[[ Task material open ]]
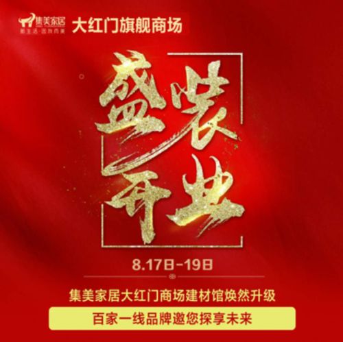 为了庆祝建材馆升级改造成功,集美大红门旗舰商场将举办盛装开业庆典。8月10日—16日,大红门旗舰商场将从多种渠道向京城百姓发放邀请函,诚挚邀请您前来参与庆典。每张邀请函即为100元代金券,凭邀请函购物即在8月17日至19日享受优惠。
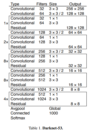 Joseph Redmon은 backbone network로 YOLO v1에서는 GoogLeNet, YOLO v2에서는 Darknet19, 그리고 이번에는 Darknet53을 사용하였다. Darknet53은 아래 그림과 같이 구성되어 있으며 눈여겨 볼 것은 ResNet의 skip connection을 사용하였다는 점이다. 또한 1x1 convolution을 통해 연산량을 줄였으며 결과적으로 다른 classification network보다 조금더 좋은 성능을 내게된다.
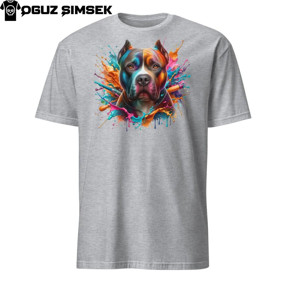 Красочная футболка унисекс с питбультерьером | Яркая футболка с графикой собаки, короткий рукав
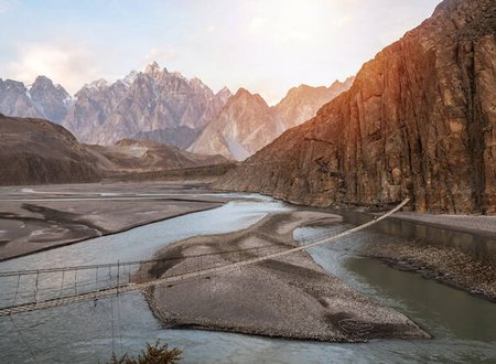 Ξύλινη, κρεμαστή και με αρκετά κενά πάνω από ποταμό στο Βόρειο Πακιστάν
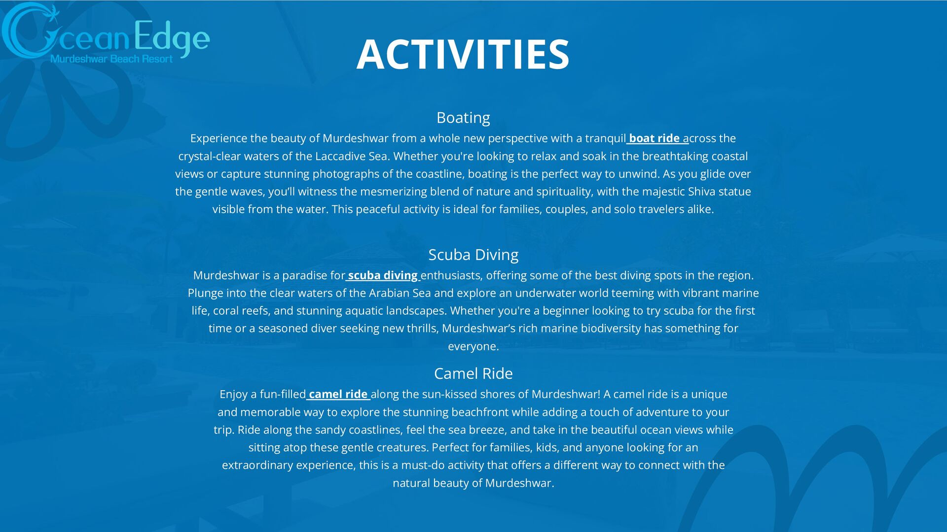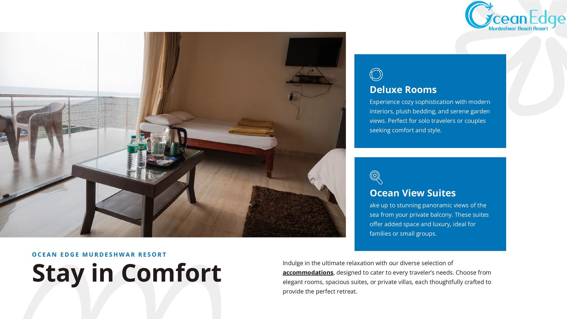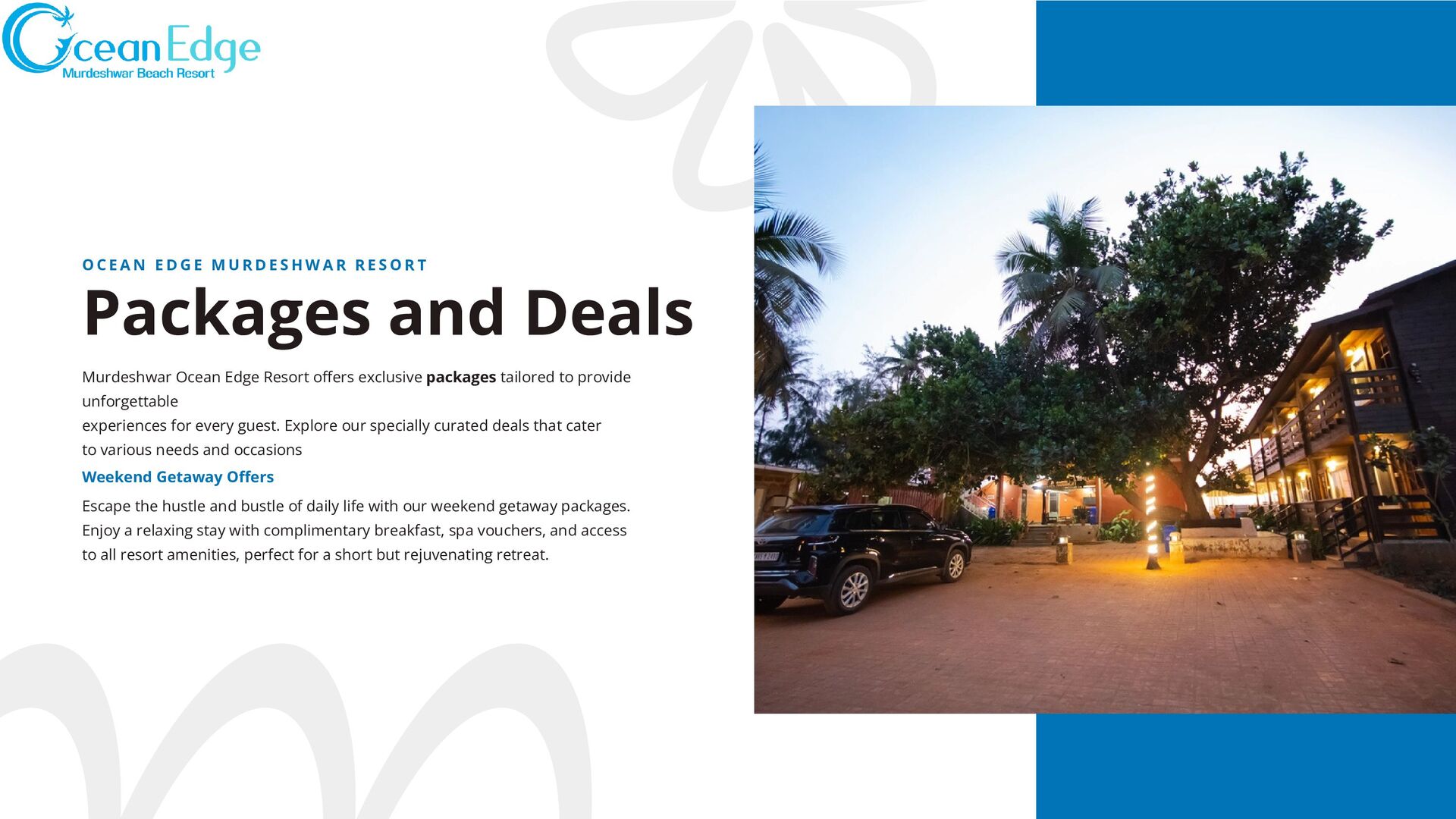 Ocean Edge Beach Resort, located in Murudeshwar, offers a perfect blend of comfort and nature. Nestled by the pristine coastline, this resort provides breathtaking views of the Arabian Sea. It is ideal for a peaceful retreat and features modern amenities, spacious rooms, and a relaxing atmosphere. Guests can enjoy the tranquil beach, indulge in local cuisine, and experience warm hospitality. Whether you're here for a family vacation or a romantic getaway, Ocean Edge Beach Resort offers an unforgettable experience in one of the most serene destinations in Murudeshwar.
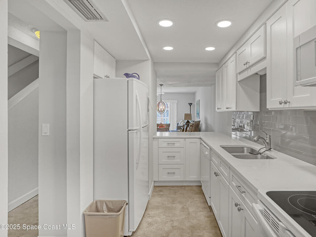 Welcome to Paradise! Living up to it's moniker, this gorgeous two bedroom, two and a half bath condo is tastefully updated and just a two minute walk to Paradise Beach (aka the local's beach). Featuring an updated kitchen with LED lighting, quartz countertops, white cabinets, tile back splash & floors. impact rated windows and brand new a/c system, new interior paint, slider blinds, plantation shutters, and plenty of storage space throughout. Both bedrooms are spacious, with private full baths & walk-in shower in master suite. Enjoy sunshine, surfing, & great rocket launch viewing, walk to restaurants, and shopping. Sip your coffee in the morning on your privare porch overlooking the beautifully maintained pool. From tennis courts, sauna and a shuffleboard court, activities abound. Offered turn-key furnished, bring your toothbrush and immediately begin to enjoy all that Florida beach life has to offer. Washer/Dryer can be added
[[ Task material closed ]]
What to do: Please reproduce exactly, and nothing more, the lines from the one containing "Joseph Redmon은 backbone" through the last line of the entries, both included; pictures stay out.

Reply to the exercise:
 Joseph Redmon은 backbone network로 YOLO v1에서는 GoogLeNet, YOLO v2에서는 Darknet19, 그리고 이번에는 Darknet53을 사용하였다. Darknet53은 아래 그림과 같이 구성되어 있으며 눈여겨 볼 것은 ResNet의 skip connection을 사용하였다는 점이다. 또한 1x1 convolution을 통해 연산량을 줄였으며 결과적으로 다른 classification network보다 조금더 좋은 성능을 내게된다.
 Красочная футболка унисекс с питбультерьером | Яркая футболка с графикой собаки, короткий рукав
 Ξύλινη, κρεμαστή και με αρκετά κενά πάνω από ποταμό στο Βόρειο Πακιστάν
 Ocean Edge Beach Resort, located in Murudeshwar, offers a perfect blend of comfort and nature. Nestled by the pristine coastline, this resort provides breathtaking views of the Arabian Sea. It is ideal for a peaceful retreat and features modern amenities, spacious rooms, and a relaxing atmosphere. Guests can enjoy the tranquil beach, indulge in local cuisine, and experience warm hospitality. Whether you're here for a family vacation or a romantic getaway, Ocean Edge Beach Resort offers an unforgettable experience in one of the most serene destinations in Murudeshwar.
 Welcome to Paradise! Living up to it's moniker, this gorgeous two bedroom, two and a half bath condo is tastefully updated and just a two minute walk to Paradise Beach (aka the local's beach). Featuring an updated kitchen with LED lighting, quartz countertops, white cabinets, tile back splash & floors. impact rated windows and brand new a/c system, new interior paint, slider blinds, plantation shutters, and plenty of storage space throughout. Both bedrooms are spacious, with private full baths & walk-in shower in master suite. Enjoy sunshine, surfing, & great rocket launch viewing, walk to restaurants, and shopping. Sip your coffee in the morning on your privare porch overlooking the beautifully maintained pool. From tennis courts, sauna and a shuffleboard court, activities abound. Offered turn-key furnished, bring your toothbrush and immediately begin to enjoy all that Florida beach life has to offer. Washer/Dryer can be added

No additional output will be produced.